Kyle McMahon
Registered User
- May 10, 2006
- 13,463
- 4,650
I think this an important point. The HOF standards have simply never been very lofty. Even serious and level-headed fans of the game who are simply not overtly history-minded would be surprised by some of the guys who are in there. In my experience, a "Hall of Famer" in the minds of many fans is a guy who was one of the absolute best in the game for a number of years, and if he wasn't, he better have been pretty damn good while winning Cup(s) and hit some big career statistical milestones. This kind of fan (which is fairly typical, I think), just doesn't really know about all the Hall of Famers from previous eras that fell well short of the benchmark they've set in their own mind.It's honestly a bit jaw-dropping to me.
Especially the Sedins. Like, these guys are absolute slam-dunk HHOFers.

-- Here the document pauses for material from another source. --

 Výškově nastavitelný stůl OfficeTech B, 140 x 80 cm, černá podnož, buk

There shouldn't have been an argument in the world. They're 1000+ point one-team guys with MVPs/scoring titles/Pearsons who are the most important players in the history of a franchise and as people were amongst the biggest class acts in NHL history. These aren't fringe candidates. These are solidly mid-level HHOFers. There is nobody in the history of the sport with similar careers (one-team players with big career numbers and an MVP-level peak) who didn't cakewalk into the HHOF.

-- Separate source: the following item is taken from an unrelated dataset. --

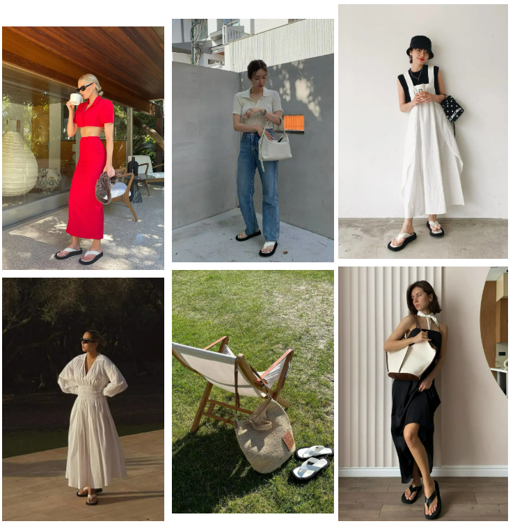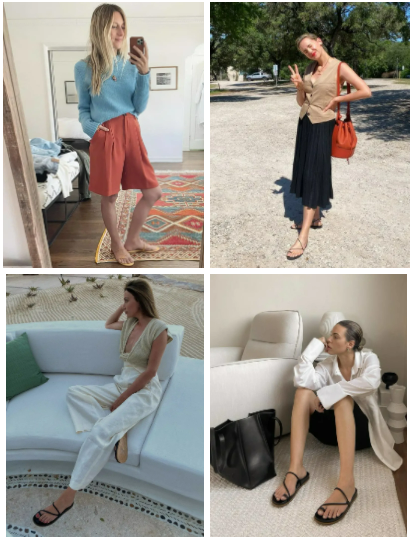 The Row的人字拖,随便点进一个博主的ins都有它的身影。看似平平无奇,实则啥都能搭。看看Elsa、车静媛、Ami、Hanna MW的示范比起黑色,我会更倾向于白的。

I don't know if the East Coast was asleep and missed their entire careers? Or it's lingering anti-Canuck bias from 2011? Or if this strange need to bully and ridicule them that they seem to bring out in people didn't die with their retirement? Or if people just don't understand where the HHOF standards sit. But it's ridiculous.
You can probably find 10-15 year old posts of mine criticizing inductions like Mats Sundin, laughing off the idea that Mark Recchi was a future HOFer, or wondering what Larry Murphy ever did to warrant consideration. Because in my mind, the Hall of Fame was for guys like Sakic, Lidstrom, and Brodeur, and most of the inductees from before my time must also have been that good, or close to it. Eventually I came to realize that, no, guys like Bill Barber, Eddie Giacomin, and Leo Boivin were definitely not that good, and that probably half the guys ever inducted into the HOF would not have struck me as such had I actually witnessed them during their careers.
I'm sure in another 30 years when Sedin-level players are being inducted, people will criticize those guys as not measuring up to the HOF "standard" set by Kane, Malkin, and Hedman. They'll be largely unaware of players like Andreychuk, Zubov, and Carbonneau, or just assume that they were greater than they really were.